**Task directions:** Your copy of the entries below should hold exactly the lines from the one containing "Diese Einladungskarte hat" to the one containing "A contestant performs", inclusive, and no pictures.

**Exercise inputs:**
==================================================

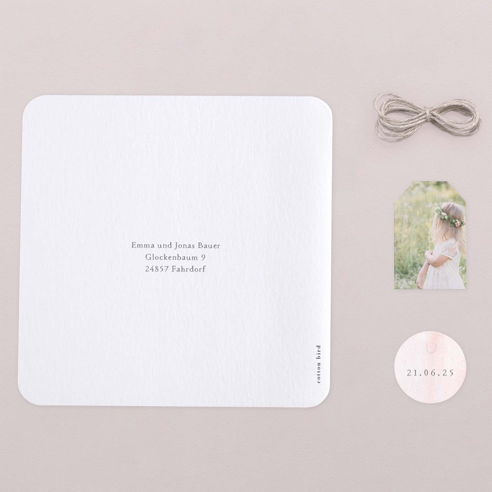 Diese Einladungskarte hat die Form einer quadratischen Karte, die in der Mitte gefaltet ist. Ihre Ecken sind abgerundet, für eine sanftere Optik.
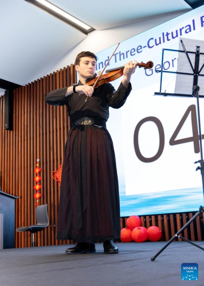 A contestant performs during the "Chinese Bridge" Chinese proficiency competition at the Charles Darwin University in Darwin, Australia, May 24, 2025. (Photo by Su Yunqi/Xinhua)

==================================================

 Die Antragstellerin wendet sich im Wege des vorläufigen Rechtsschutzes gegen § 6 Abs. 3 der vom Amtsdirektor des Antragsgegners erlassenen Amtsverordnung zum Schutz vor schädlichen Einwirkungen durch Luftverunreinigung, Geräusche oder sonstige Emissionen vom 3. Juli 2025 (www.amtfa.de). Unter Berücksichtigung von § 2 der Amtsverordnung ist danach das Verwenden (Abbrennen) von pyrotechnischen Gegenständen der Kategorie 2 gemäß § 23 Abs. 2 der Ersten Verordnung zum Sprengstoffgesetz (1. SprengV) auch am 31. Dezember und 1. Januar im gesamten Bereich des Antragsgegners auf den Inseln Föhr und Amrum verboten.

==================================================

**Exercise answer:**
 Diese Einladungskarte hat die Form einer quadratischen Karte, die in der Mitte gefaltet ist. Ihre Ecken sind abgerundet, für eine sanftere Optik.
 A contestant performs during the "Chinese Bridge" Chinese proficiency competition at the Charles Darwin University in Darwin, Australia, May 24, 2025. (Photo by Su Yunqi/Xinhua)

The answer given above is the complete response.